# Vectorization

Vectorization - method to accelerate mathematical operations.

Vectorization converts algorithms that operate on single values into ones that operate on entire arrays (vectors) at once. This means that instead of using explicit loops to iterate through elements, you can apply functions directly to arrays, which NumPy handles internally using pre-compiled C code for efficiency

*TODO*:
Add "from scratch" implementation of np.vectorize

In [2]:
import numpy as np
import time

In [11]:
np.random.seed(42)

# Creating small arrays to demostrate difference in small array
x_small = np.random.rand(10_000)
y_small = np.random.rand(10_000)

# Creating large arrays to demostrate difference in small array
x_large = np.random.rand(100_000_000)
y_large = np.random.rand(100_000_000)

In [8]:
def my_dot(x: np.ndarray, y: np.ndarray) -> float:
    sum = 0
    for xi, yi in zip(x, y):
        sum += xi * yi
    
    return sum

## Compare implementations

### Small data

In [12]:
# Capture start time for vectorized version
start_time = time.time()
np.dot(x_small, y_small)
end_time = time.time()
print(f"Vectorized version duration: {1000 * (end_time - start_time):.2f} ms")
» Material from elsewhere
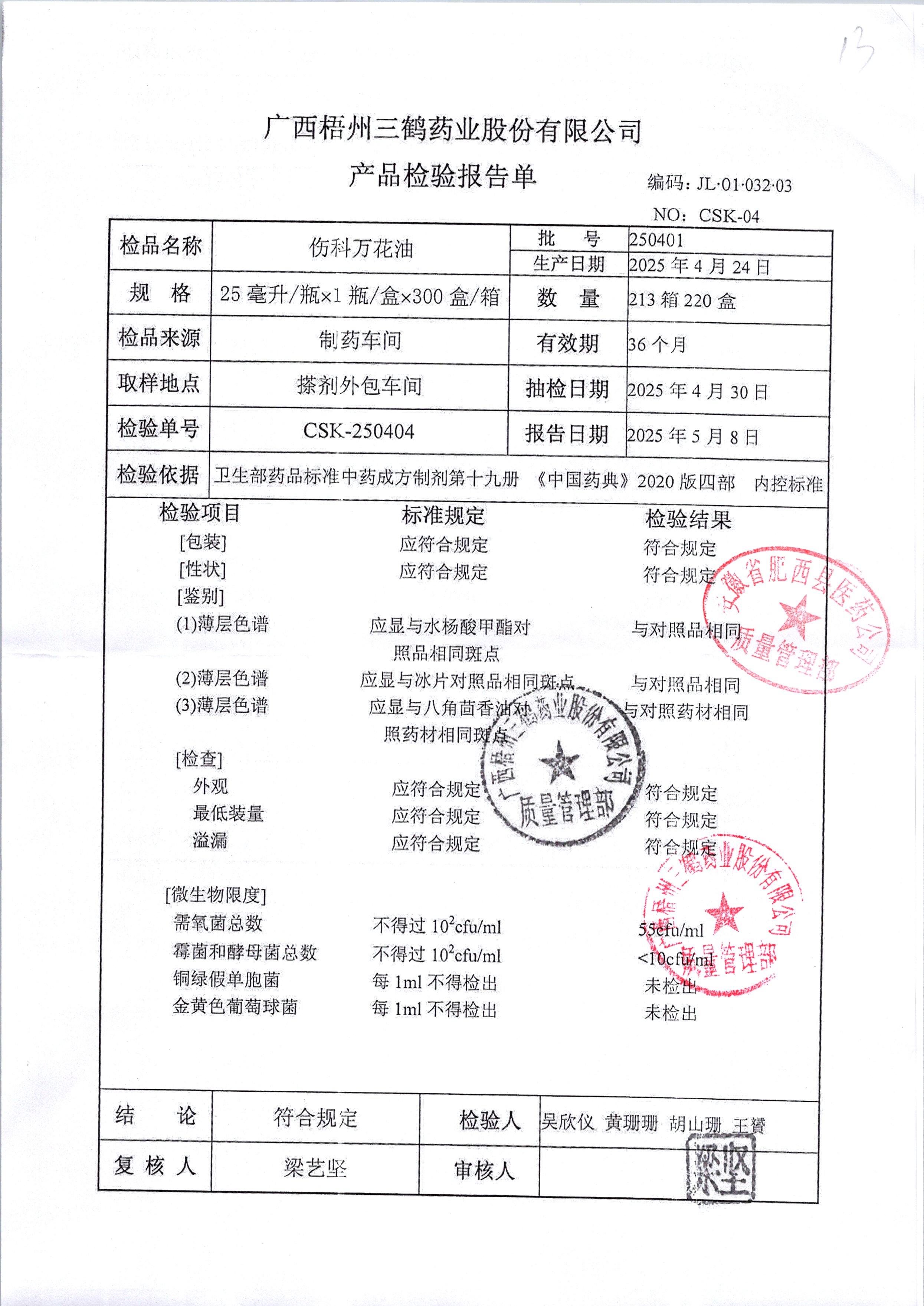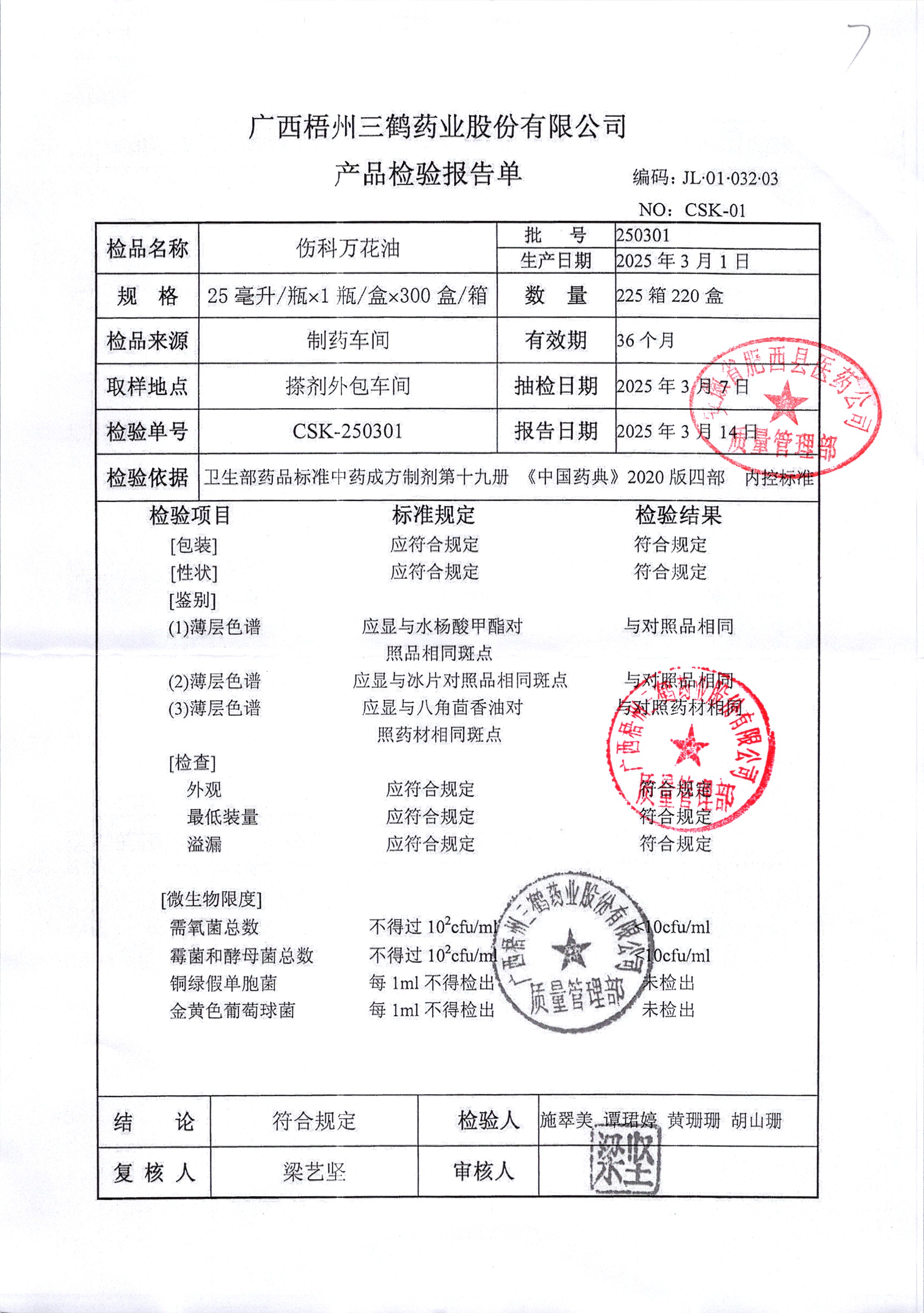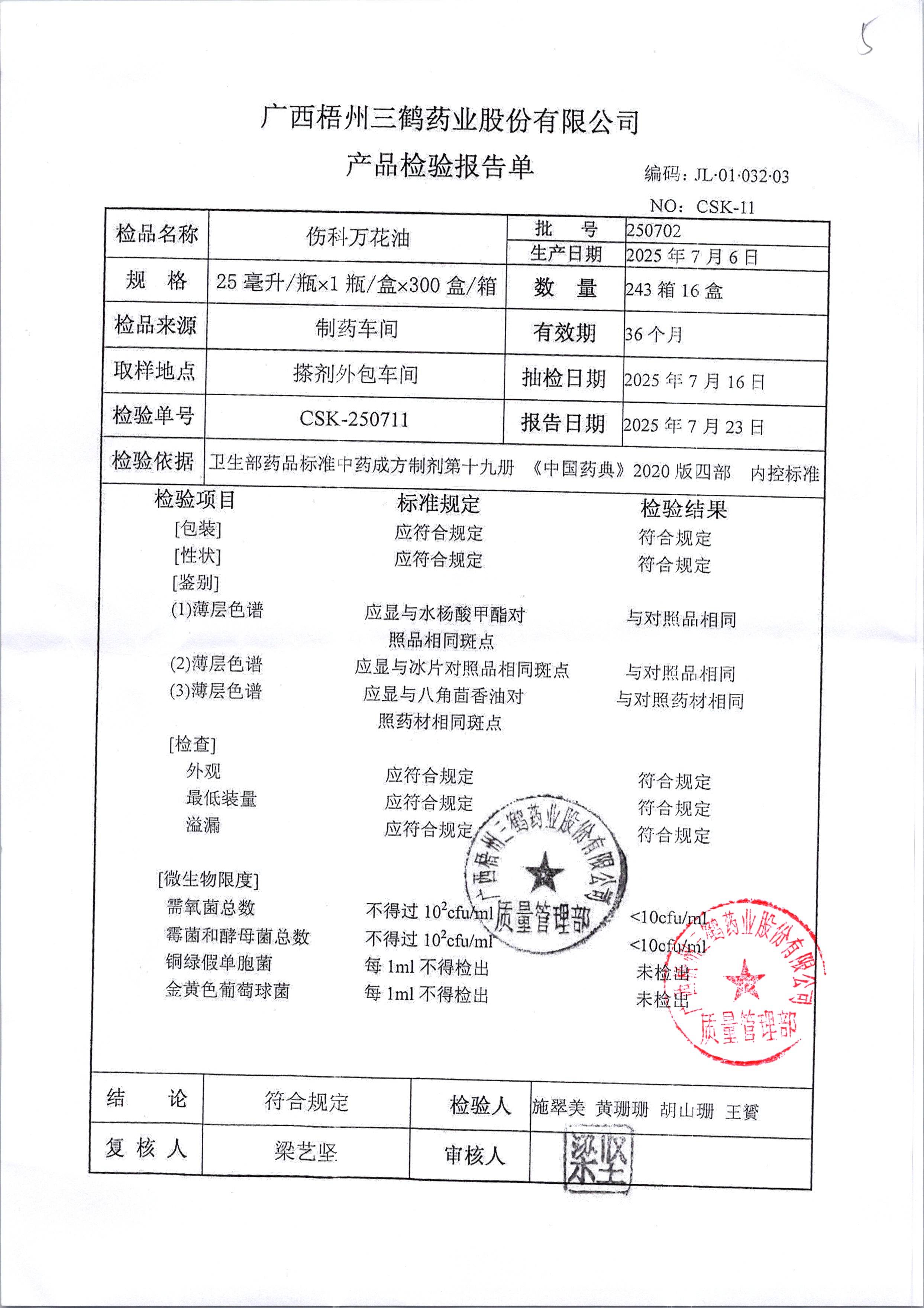 伤科万花油 | 25ml | 250703 | 查看详情 |

# Capture start time for non-vectorized version
start_time = time.time()
my_dot(x_small, y_small)
end_time = time.time()
print(f"Non-Vectorized version duration: {1000 * (end_time - start_time):.2f} ms")

Vectorized version duration: 0.80 ms
Non-Vectorized version duration: 15.90 ms


### Large data

In [13]:
# Measure the time for the vectorized version on large arrays
start_time = time.time()
np.dot(x_large, y_large)
end_time = time.time()
print(f"Vectorized version duration (large arrays): {1000 * (end_time - start_time):.2f} ms")

# Measure the time for the non-vectorized version on large arrays
start_time = time.time()
my_dot(x_large, y_large)
end_time = time.time()
print(f"Non-Vectorized version duration (large arrays): {1000 * (end_time - start_time):.2f} ms")


Vectorized version duration (large arrays): 203.87 ms
Non-Vectorized version duration (large arrays): 29846.21 ms